Some useful parameters:

log_queries=1: all queries will be logged in the system.query_log table. Useful for debug.
readonly=2: do not change data on the server
max_rows_to_read=200000000: useful if you want to prevent too broad requests
cancel_http_readonly_queries_on_client_close=1: cancel DB query when request is canceled.

All these and more settings can be set in clickhouse-server configuration as user's profile settings.

Useless settings:

max_query_size: at the moment external data is used, the query length is relatively small and always less than the default 262144
max_ast_elements: the same
max_execution_time: with cancel_http_readonly_queries_on_client_close=1 and data-timeout = "1m" it's already covered.

Query multi parameters (for overwrite default url and data-timeout)

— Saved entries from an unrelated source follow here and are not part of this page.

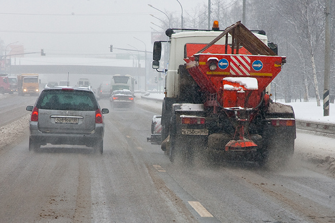 При работе бульдозера обнаружилось, что вместе с ледяной коркой отрывается и асфальтное покрытие. Так что коммунальные службы решили вернуться к традиционному методу — обработке реагентами.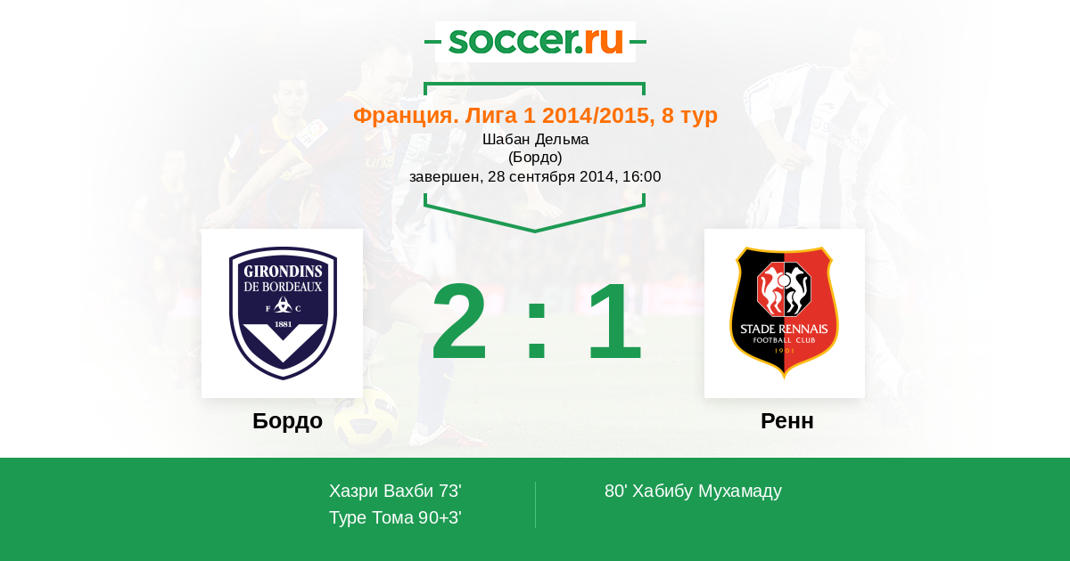 Протокол матча Бордо против Ренн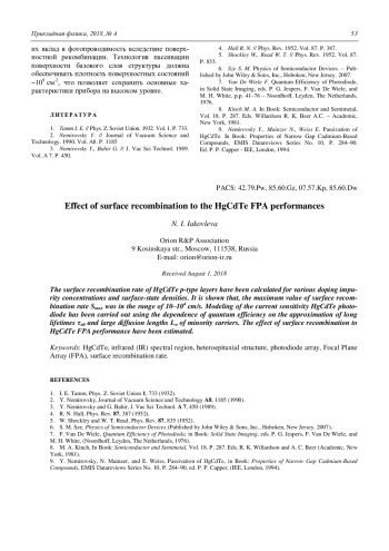Яковлева Н. И. Влияние поверхностной рекомбинации на параметры фотодиодов из полупроводниковых структур HgCdTe 49

For queries with duration (until - from) >= 72 hours, use custom url and data-timeout

url = "http://graphite:qwerty@localhost:8123/?readonly=2&log_queries=1&max_rows_to_read=102400000&max_result_bytes=12800000&max_threads=2"
data-timeout = "30s"

query-params = [
  {
    duration = "72h",
    url = "http://graphite:qwerty@localhost:8123/?readonly=2&log_queries=1&max_rows_to_read=1024000000&max_result_bytes=128000000&max_threads=1",
    data-timeout = "60s"
  }
]

Query limiter for prevent database overloading (limit concurrent/maximum incomming requests)

For prevent database overloading incomming requests (render/find/autocomplete) can be limited. If wait max-queries requests, for new request error returned immediately. If executing concurrent-queries requests, next request will be wait for free slot until index-timeout reached adaptive-queries prevent overload with load average check if graphite-clickhouse run on one host with clickhouse Real queries will be concurrent-queries + adaptive-queries * (1 / normalized_load_avg - 1). If normalized_load_avg > 0.9, limit will be concurrent-queries.

url = "http://graphite:qwerty@localhost:8123/?readonly=2&log_queries=1&max_rows_to_read=102400000&max_result_bytes=12800000&max_threads=2"
render-max-queries = 500
render-max-concurrent = 10
find-max-queries = 100
find-concurrent-queries = 10
tags-max-queries = 100
tags-max-concurrent = 10

query-params = [
  {
    duration = "72h",
    url = "http://graphite:qwerty@localhost:8123/?readonly=2&log_queries=1&max_rows_to_read=1024000000&max_result_bytes=128000000&max_threads=1",
    data-timeout = "60s"
    max-queries = 100,
    max-concurrent = 4
  }
]

user-limits = {
  "alerting" = {
    max-queries = 100,
    max-concurrent = 5
  }
}

Index table

See index table documentation for details.

Index reversed queries tuning

By default the daemon decides to make a direct or reversed request to the index table based on a first and last glob node in the metric. It choose the most long path to reduce readings. Additional examples can be found in tests.

You can overwrite automatic behavior with index-reverse. Valid values are "auto", direct, "reversed"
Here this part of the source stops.